RECORDS FOR THIS TASK section start

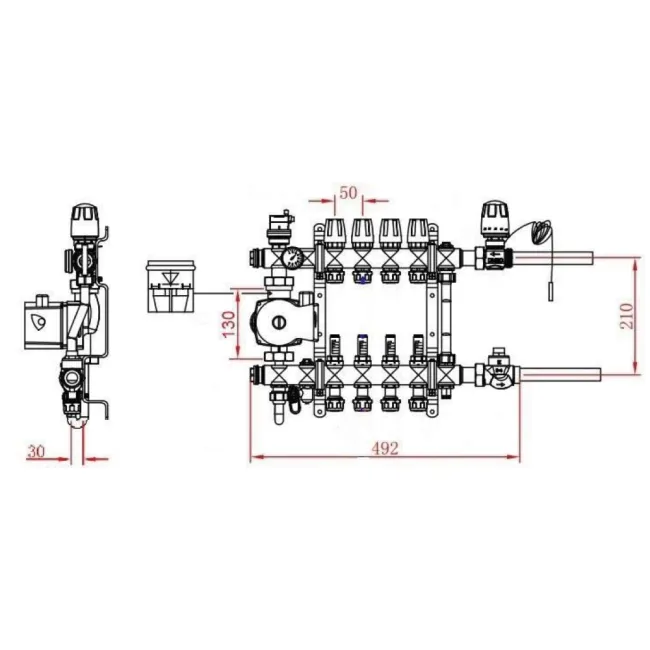 Колектори для теплої підлоги - це резервуар, який оснащений комплектом технологічних штуцерів. Вони використовуються для подачі та / або відведення теплоносія. До них приєднуються всі комунікації - радіатори, а кількість теплоносія, в даному випадку, регулюється запірною арматурою. Переміщення водяного теплоносія забезпечується за допомогою помпи. Вся ця система оснащена краном (з його допомогою здійснюють злив води при ремонті) і пристроєм для видалення повітря (для видалення повітряних пробок із системи).
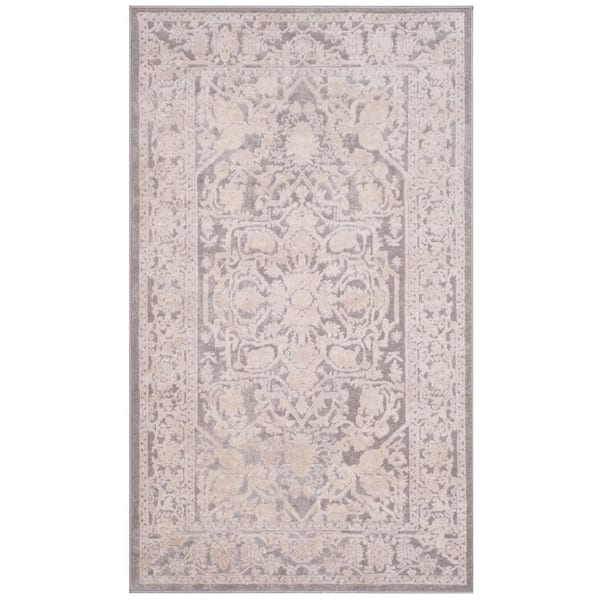 Reflection Light Gray/Cream 2 ft. x 3 ft. Border Floral Area Rug
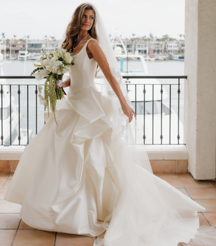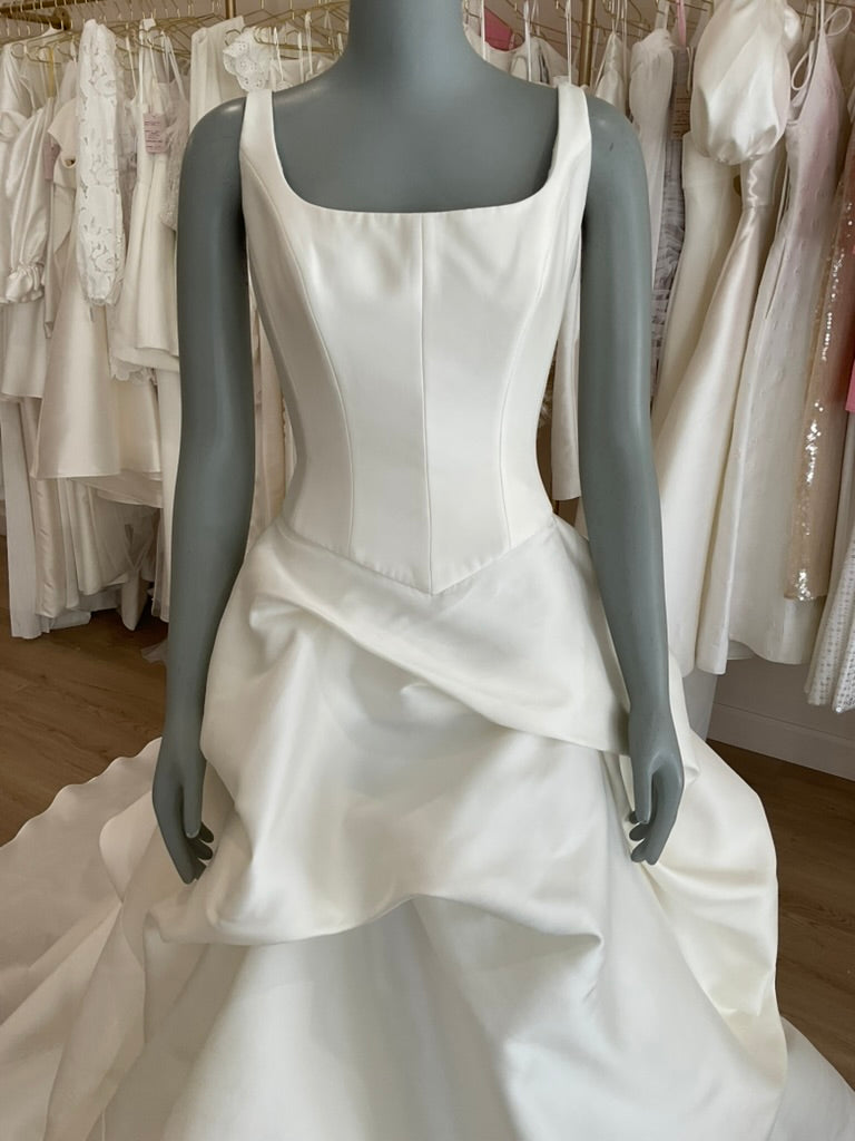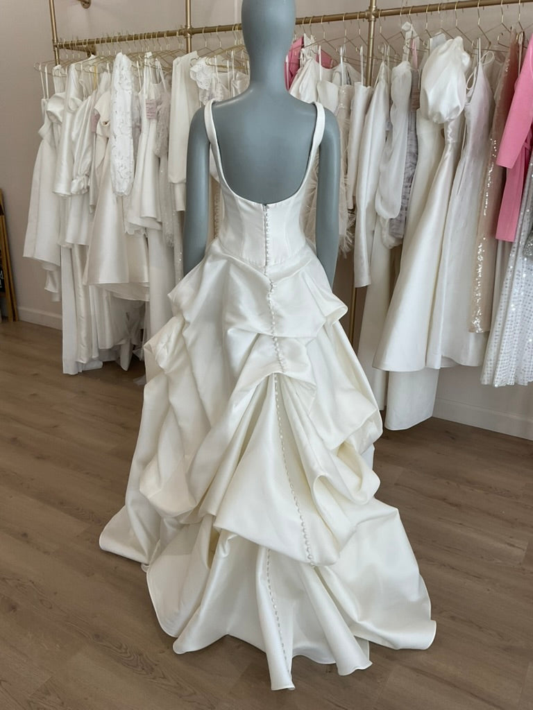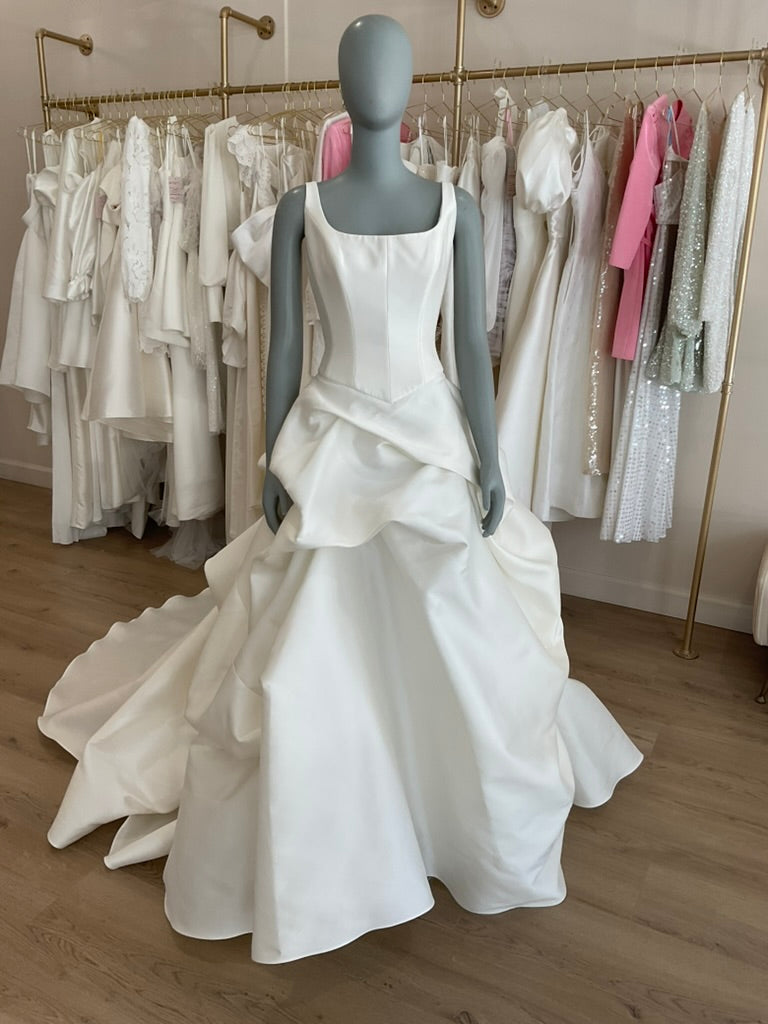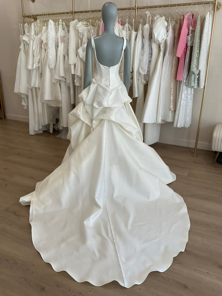 The Mark Ingram Katt is a bold and structured ballgown for the modern bride who wants to make an unforgettable entrance. The clean, square neckline and sleek bodice offer a refined elegance, balanced by a sculptural voluminous skirt with dramatic duchess satin folds. The gown features a low scoop back that meets a trail of covered buttons, adding a romantic touch to its architectural design. The sharply tailored silhouette is perfect for the bride seeking a fashion-forward look that still feels timeless and regal. Ideal for grand ceremonies or black-tie celebrations.
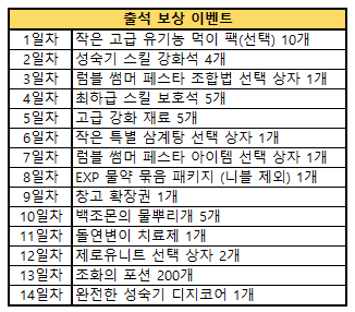 내용 : 이벤트 기간 동안 출석 이벤트가 진행됩니다.
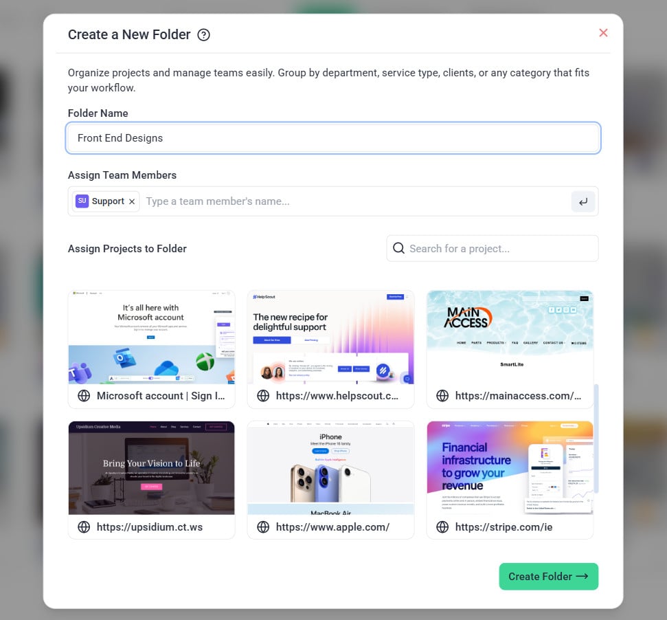 4. Efficient Access Management: Assign team members to folders for quick access to all contained projects.

RECORDS FOR THIS TASK section end

PROBLEM TO SOLVE: The lines to repeat run from the line containing "Reflection Light Gray/Cream" through the last line of the material above; give them exactly, without the pictures.

RESPONSE:
 Reflection Light Gray/Cream 2 ft. x 3 ft. Border Floral Area Rug
 The Mark Ingram Katt is a bold and structured ballgown for the modern bride who wants to make an unforgettable entrance. The clean, square neckline and sleek bodice offer a refined elegance, balanced by a sculptural voluminous skirt with dramatic duchess satin folds. The gown features a low scoop back that meets a trail of covered buttons, adding a romantic touch to its architectural design. The sharply tailored silhouette is perfect for the bride seeking a fashion-forward look that still feels timeless and regal. Ideal for grand ceremonies or black-tie celebrations.
 내용 : 이벤트 기간 동안 출석 이벤트가 진행됩니다.
 4. Efficient Access Management: Assign team members to folders for quick access to all contained projects.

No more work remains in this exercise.